The problem. If a line below falls between the line with "2️⃣ QUẠT BÀN SẠC NAGAKAMI NAKA-016" and the line with "El legendario Blaze", or is one of those two, output it exactly; output nothing else and no pictures.

(Beginning of Extracted information)

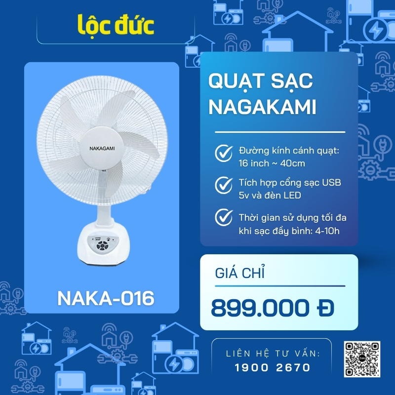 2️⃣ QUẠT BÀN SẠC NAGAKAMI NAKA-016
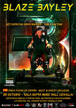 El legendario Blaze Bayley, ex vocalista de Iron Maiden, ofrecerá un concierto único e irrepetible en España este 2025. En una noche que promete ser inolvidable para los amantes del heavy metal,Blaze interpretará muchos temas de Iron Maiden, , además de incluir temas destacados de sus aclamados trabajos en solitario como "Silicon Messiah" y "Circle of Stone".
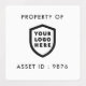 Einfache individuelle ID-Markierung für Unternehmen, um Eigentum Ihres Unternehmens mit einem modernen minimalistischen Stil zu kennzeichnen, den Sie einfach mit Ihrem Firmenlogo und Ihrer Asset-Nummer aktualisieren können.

(End of Extracted information)
(Beginning of Extracted information)

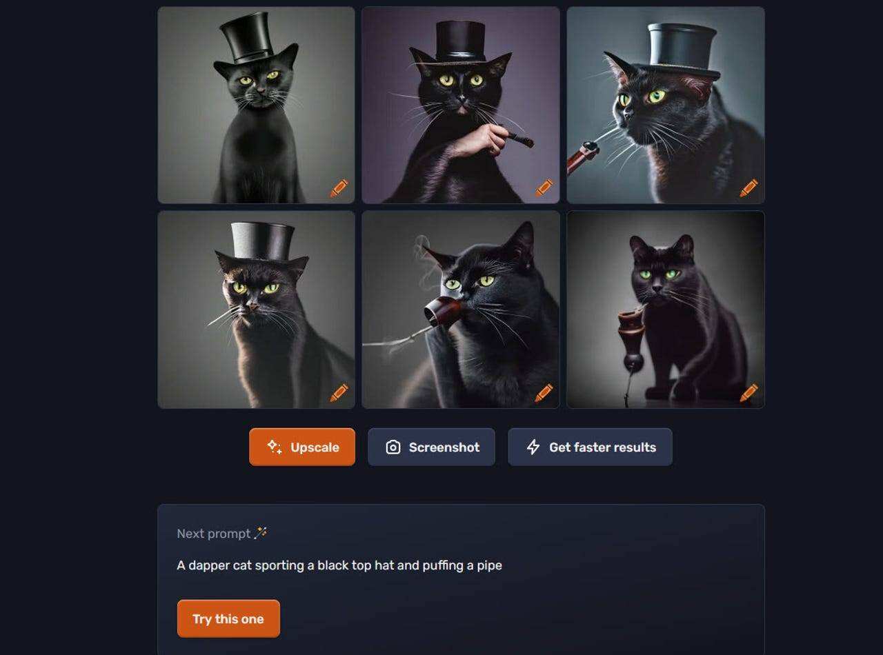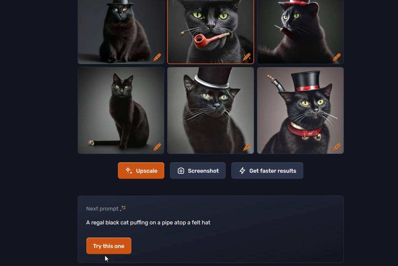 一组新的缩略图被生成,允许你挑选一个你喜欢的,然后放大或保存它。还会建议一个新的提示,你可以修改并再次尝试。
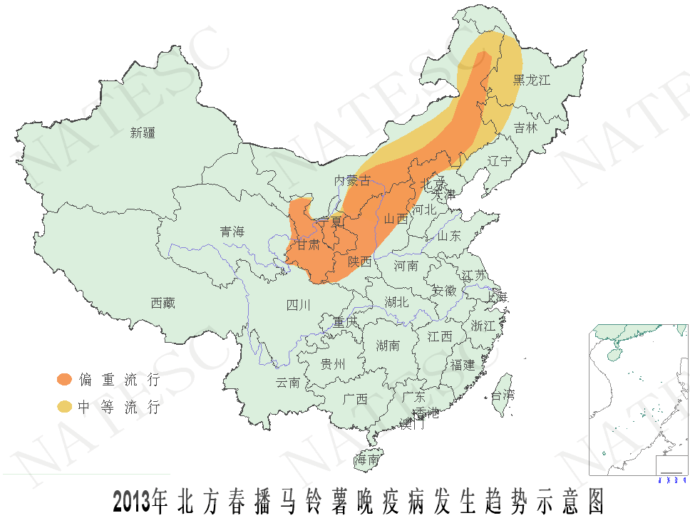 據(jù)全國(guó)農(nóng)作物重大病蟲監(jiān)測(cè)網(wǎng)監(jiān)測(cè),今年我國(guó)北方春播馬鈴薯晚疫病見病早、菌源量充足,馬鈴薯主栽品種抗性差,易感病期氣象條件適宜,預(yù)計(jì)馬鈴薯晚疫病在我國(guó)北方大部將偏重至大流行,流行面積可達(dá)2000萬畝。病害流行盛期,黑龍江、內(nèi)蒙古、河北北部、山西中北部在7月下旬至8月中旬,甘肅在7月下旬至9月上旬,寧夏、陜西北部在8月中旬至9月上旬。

(End of Extracted information)

Response.
 2️⃣ QUẠT BÀN SẠC NAGAKAMI NAKA-016
 El legendario Blaze Bayley, ex vocalista de Iron Maiden, ofrecerá un concierto único e irrepetible en España este 2025. En una noche que promete ser inolvidable para los amantes del heavy metal,Blaze interpretará muchos temas de Iron Maiden, , además de incluir temas destacados de sus aclamados trabajos en solitario como "Silicon Messiah" y "Circle of Stone".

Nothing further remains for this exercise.